- **Instructions to follow**
Only the lines below between the ones containing "REMOVALNOTE: Front wheel" and "Nilüfer Kent Konseyi Kadın", inclusive, are to be reproduced, each exactly as it stands.

- **Raw data**
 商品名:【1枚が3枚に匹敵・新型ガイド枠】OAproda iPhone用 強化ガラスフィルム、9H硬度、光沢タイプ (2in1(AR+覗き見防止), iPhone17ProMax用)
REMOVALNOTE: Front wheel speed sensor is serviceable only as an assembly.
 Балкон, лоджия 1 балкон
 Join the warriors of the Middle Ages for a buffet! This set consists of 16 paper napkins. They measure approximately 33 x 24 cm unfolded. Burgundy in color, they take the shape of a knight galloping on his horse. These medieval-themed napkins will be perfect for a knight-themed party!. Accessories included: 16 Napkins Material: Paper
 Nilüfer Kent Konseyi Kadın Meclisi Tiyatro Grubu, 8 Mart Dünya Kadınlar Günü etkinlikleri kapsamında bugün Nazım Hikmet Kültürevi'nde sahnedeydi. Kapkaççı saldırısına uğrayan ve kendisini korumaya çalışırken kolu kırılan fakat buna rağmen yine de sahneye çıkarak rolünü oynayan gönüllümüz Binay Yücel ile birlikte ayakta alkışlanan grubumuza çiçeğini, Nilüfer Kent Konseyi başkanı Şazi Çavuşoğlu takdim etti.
--
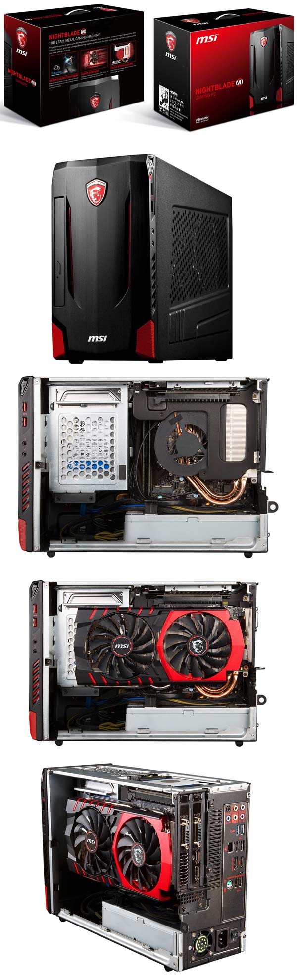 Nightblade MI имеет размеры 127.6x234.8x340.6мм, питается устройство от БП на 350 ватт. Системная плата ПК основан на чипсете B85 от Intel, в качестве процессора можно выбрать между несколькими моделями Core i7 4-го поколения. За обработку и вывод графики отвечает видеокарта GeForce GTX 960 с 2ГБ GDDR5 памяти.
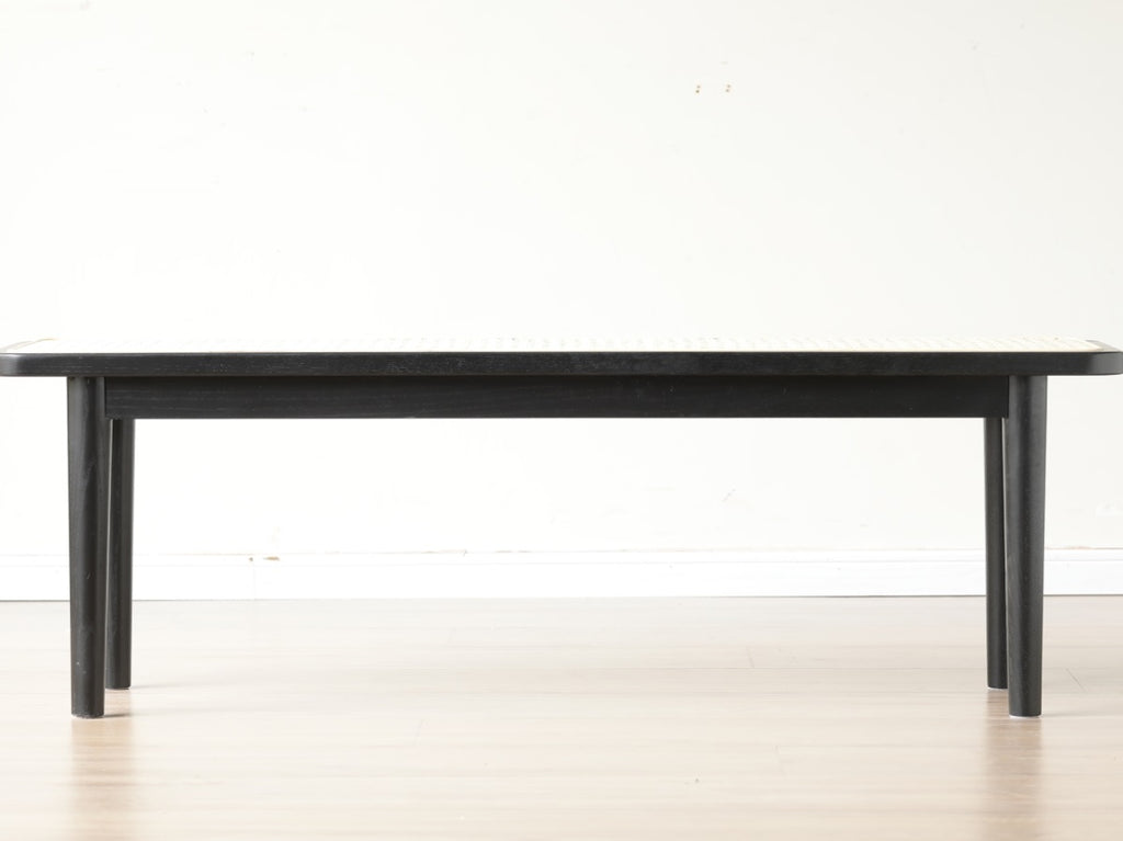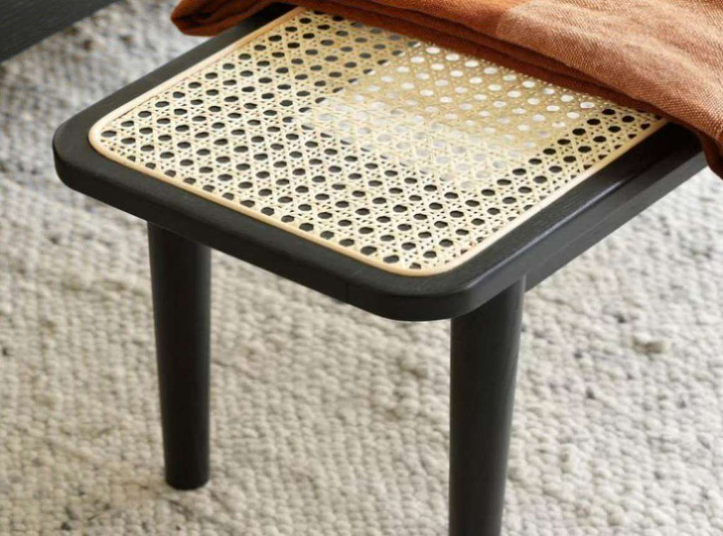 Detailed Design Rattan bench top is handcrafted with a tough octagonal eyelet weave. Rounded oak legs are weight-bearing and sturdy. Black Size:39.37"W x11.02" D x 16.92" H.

- **Response for this exercise**
REMOVALNOTE: Front wheel speed sensor is serviceable only as an assembly.
 Балкон, лоджия 1 балкон
 Join the warriors of the Middle Ages for a buffet! This set consists of 16 paper napkins. They measure approximately 33 x 24 cm unfolded. Burgundy in color, they take the shape of a knight galloping on his horse. These medieval-themed napkins will be perfect for a knight-themed party!. Accessories included: 16 Napkins Material: Paper
 Nilüfer Kent Konseyi Kadın Meclisi Tiyatro Grubu, 8 Mart Dünya Kadınlar Günü etkinlikleri kapsamında bugün Nazım Hikmet Kültürevi'nde sahnedeydi. Kapkaççı saldırısına uğrayan ve kendisini korumaya çalışırken kolu kırılan fakat buna rağmen yine de sahneye çıkarak rolünü oynayan gönüllümüz Binay Yücel ile birlikte ayakta alkışlanan grubumuza çiçeğini, Nilüfer Kent Konseyi başkanı Şazi Çavuşoğlu takdim etti.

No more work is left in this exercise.